- Task item -
Every line below should come back exactly as written, though the pictures stay out.

- Dataset section -

===

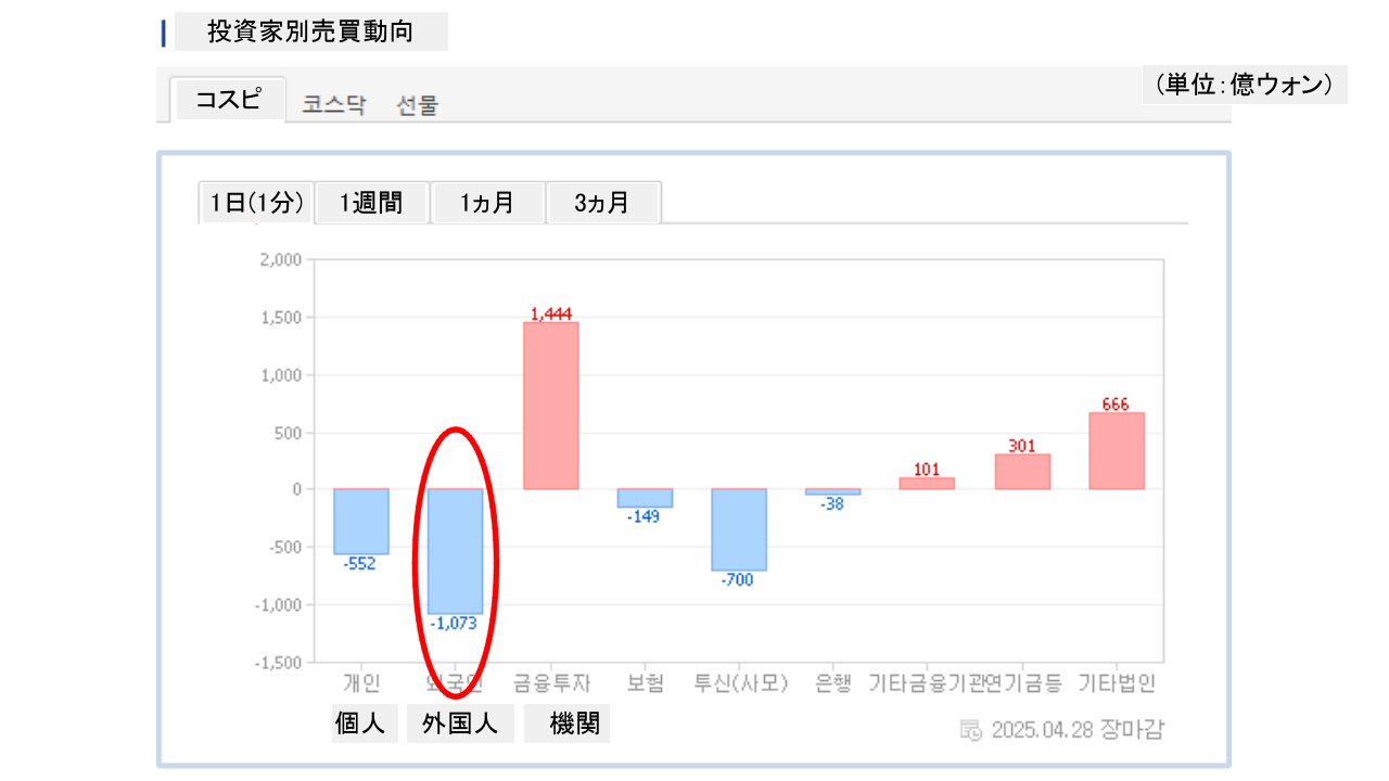 個人投資家は「552億ウォン」の売り越し。一方の外国人投資家は「1,073億ウォン」の売り越しです。
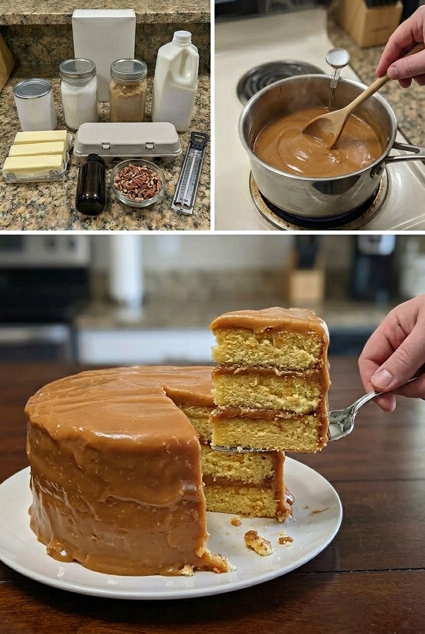 Ah, now we’re talking about a Southern Caramel Cake—a classic dessert from the South! It’s a moist, buttery yellow cake layered and frosted with a rich, gooey caramel frosting, often drizzled over the top for extra indulgence. Here’s a traditional approach:
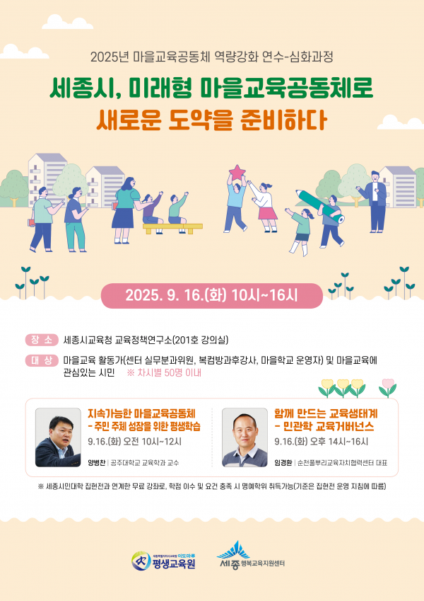[세종타임즈] 세종시교육청평생교육원은 오는 16일 마을교육공동체의 전문성과 지속가능성을 높이기 위해 ‘2025년 마을교육공동체 역량강화 연수’를 성황리에 개최했다.
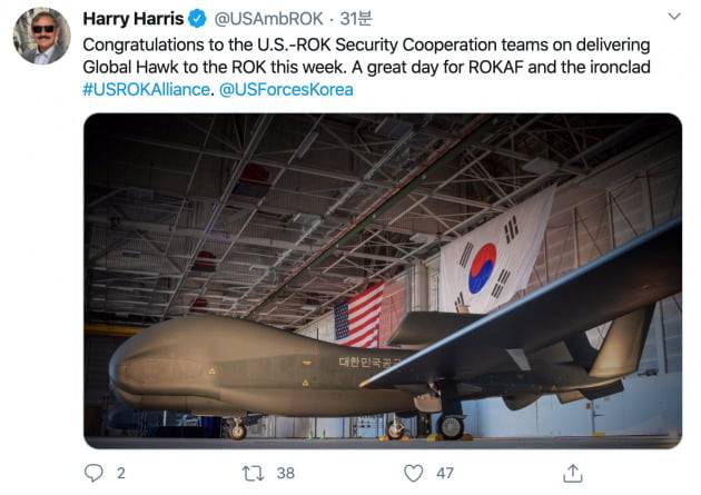 해리 해리스 주한미국대사는 19일 트위터에 '대한민국공군'이 새겨진 글로벌호크가 성조기와 태극기가 걸린 격납고에 있는 사진을 공개하며 "이번 주 한국에 글로벌호크를 인도한 미·한 안보협력팀에 축하한다. 한국공군과 철통같은 한미동맹에 매우 좋은 날"이라고 밝혔다.

===

- Task output -
 個人投資家は「552億ウォン」の売り越し。一方の外国人投資家は「1,073億ウォン」の売り越しです。
 Ah, now we’re talking about a Southern Caramel Cake—a classic dessert from the South! It’s a moist, buttery yellow cake layered and frosted with a rich, gooey caramel frosting, often drizzled over the top for extra indulgence. Here’s a traditional approach:
[세종타임즈] 세종시교육청평생교육원은 오는 16일 마을교육공동체의 전문성과 지속가능성을 높이기 위해 ‘2025년 마을교육공동체 역량강화 연수’를 성황리에 개최했다.
 해리 해리스 주한미국대사는 19일 트위터에 '대한민국공군'이 새겨진 글로벌호크가 성조기와 태극기가 걸린 격납고에 있는 사진을 공개하며 "이번 주 한국에 글로벌호크를 인도한 미·한 안보협력팀에 축하한다. 한국공군과 철통같은 한미동맹에 매우 좋은 날"이라고 밝혔다.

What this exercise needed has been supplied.